1

I am trying to take the average of 3 grades for three student (stored in an array of arrays), and then run those averages through a function with an else if statement to check whether the average grades are each and A,B or C.

I would prefer not to have to make a separate function with an else if for each students average (so I would know how to scale this to more than 3 inputs), and I am not sure how I can index the averageGrades array in the function so that I can console.log each element (student) of the averageGrades array and have the else if statement evaluate that particular element (student).

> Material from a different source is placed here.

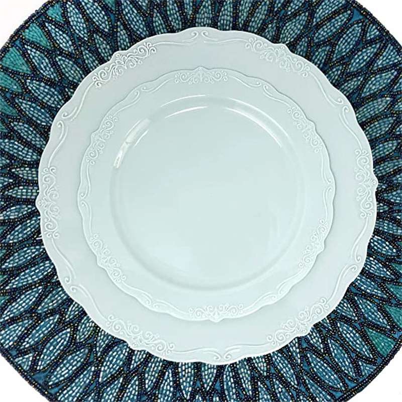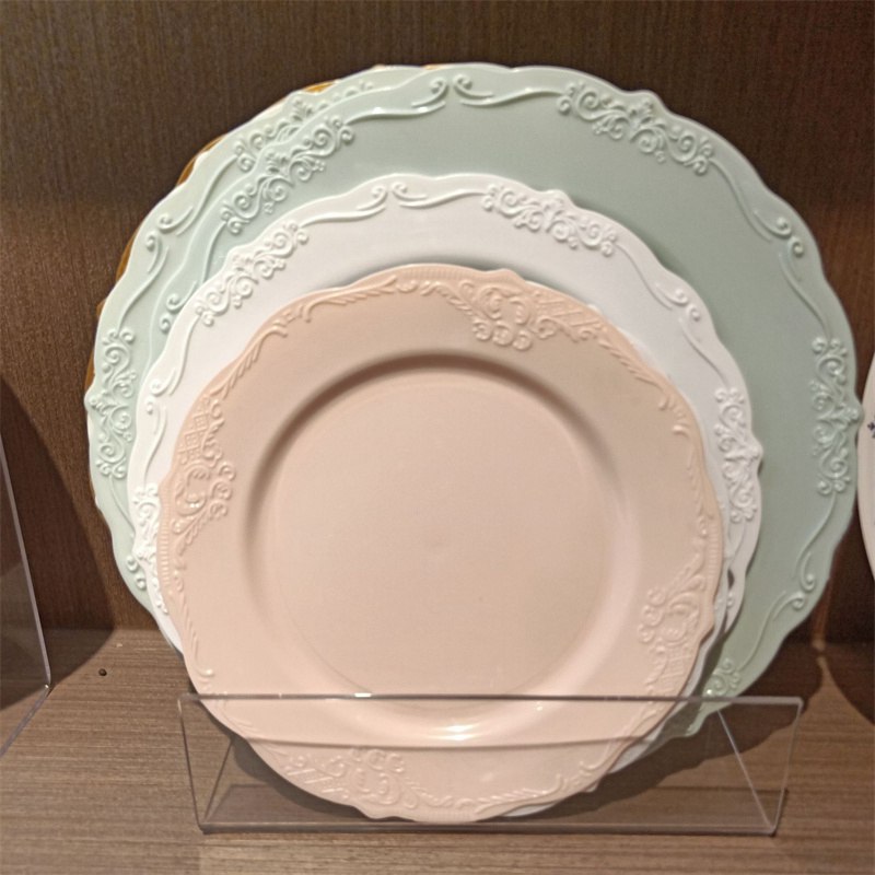 Pink French Lace Disc Steak Plates Disposable Color Hard Plastic Dinner Plates Party Dessert Plates

I also tried making an averageGrade variable for each student so that the averageGrades array had single values and not a full equation but ran into the same problem.

var studentGrades = [
  [80, 90, 94],
  [80, 90, 94],
  [80, 90, 94]
]
var studentAvgerages = [
  (studentGrades[0][0] + studentGrades[0][1] + studentGrades[0][2]) / 3,
  (studentGrades[1][0] + studentGrades[1][1] + studentGrades[1][2]) / 3,
  (studentGrades[2][0] + studentGrades[2][1] + studentGrades[2][2]) / 3
]
for (var i = 0; i <= studentAvgerages.length; i++) {
  function evalGrades(studentAvgerages[i]) {
    if (studentAvgerages[i] >= 90) {
      return "A"
    } else if ((studentAvgerages[i] >= 80) && (studentAvgerages[i] < 90)) {
      return "B"
    } else if ((studentAvgerages[i] >= 70) && (studentAvgerages[i] < 80)) {
      return "C"
    } else {
      return "Failed"
    }
  }
}

console.log(evalGrades(studentAvgerages[0]))
console.log(evalGrades(studentAvgerages[1]))
console.log(evalGrades(studentAvgerages[2]))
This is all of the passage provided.